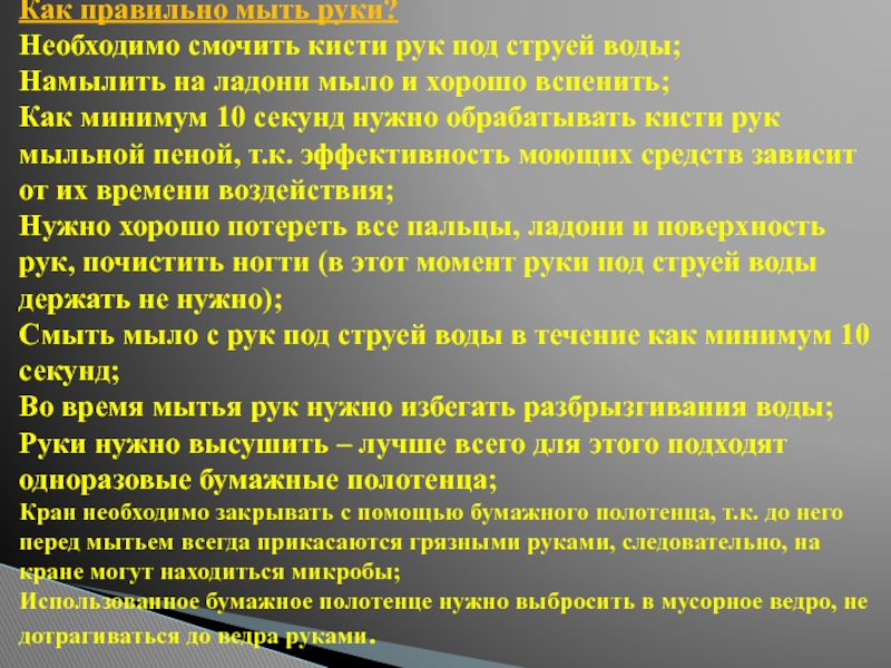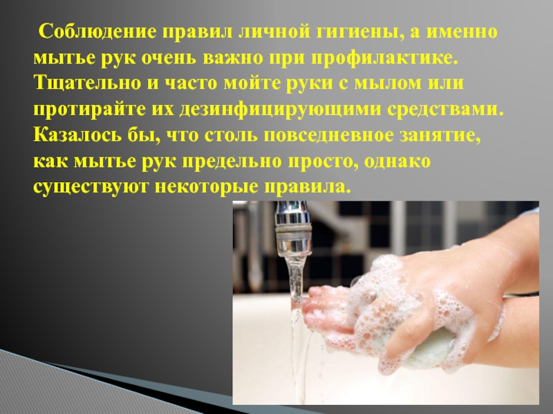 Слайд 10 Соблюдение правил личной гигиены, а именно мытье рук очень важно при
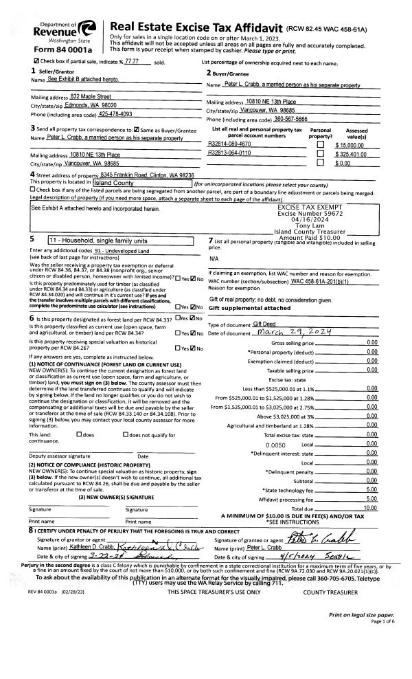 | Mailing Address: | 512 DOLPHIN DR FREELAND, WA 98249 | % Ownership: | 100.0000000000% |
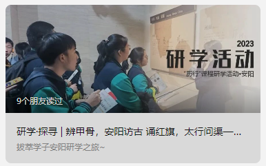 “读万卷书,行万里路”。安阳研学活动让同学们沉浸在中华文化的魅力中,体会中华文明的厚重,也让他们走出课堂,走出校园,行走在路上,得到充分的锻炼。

++++++++

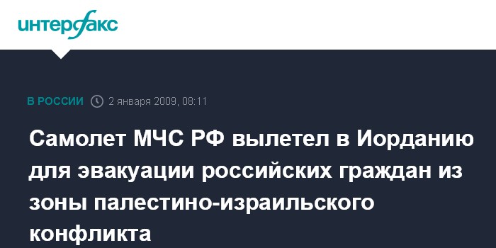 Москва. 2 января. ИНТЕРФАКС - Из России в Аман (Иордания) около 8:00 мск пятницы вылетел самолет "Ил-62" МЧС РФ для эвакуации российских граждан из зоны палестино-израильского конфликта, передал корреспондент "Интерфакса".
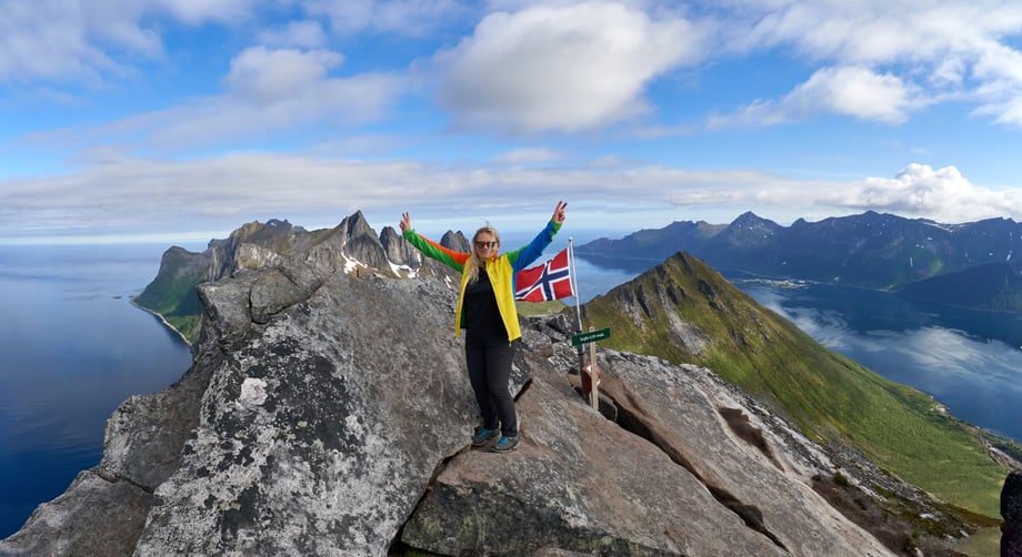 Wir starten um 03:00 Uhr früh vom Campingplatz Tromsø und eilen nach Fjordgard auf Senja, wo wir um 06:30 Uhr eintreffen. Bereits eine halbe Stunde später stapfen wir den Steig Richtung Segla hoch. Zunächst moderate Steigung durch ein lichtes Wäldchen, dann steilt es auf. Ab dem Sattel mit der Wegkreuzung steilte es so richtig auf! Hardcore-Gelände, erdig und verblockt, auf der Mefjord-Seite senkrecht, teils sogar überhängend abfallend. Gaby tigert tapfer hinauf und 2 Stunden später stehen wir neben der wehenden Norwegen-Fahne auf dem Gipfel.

++++++++

*Task instructions*. Above are entries with pictures among them. Write out exactly the lines from the one containing "Москва. 2 января." through the one containing "Wir starten um", ends included, and leave those pictures out.

*Task result*.
 Москва. 2 января. ИНТЕРФАКС - Из России в Аман (Иордания) около 8:00 мск пятницы вылетел самолет "Ил-62" МЧС РФ для эвакуации российских граждан из зоны палестино-израильского конфликта, передал корреспондент "Интерфакса".
 Wir starten um 03:00 Uhr früh vom Campingplatz Tromsø und eilen nach Fjordgard auf Senja, wo wir um 06:30 Uhr eintreffen. Bereits eine halbe Stunde später stapfen wir den Steig Richtung Segla hoch. Zunächst moderate Steigung durch ein lichtes Wäldchen, dann steilt es auf. Ab dem Sattel mit der Wegkreuzung steilte es so richtig auf! Hardcore-Gelände, erdig und verblockt, auf der Mefjord-Seite senkrecht, teils sogar überhängend abfallend. Gaby tigert tapfer hinauf und 2 Stunden später stehen wir neben der wehenden Norwegen-Fahne auf dem Gipfel.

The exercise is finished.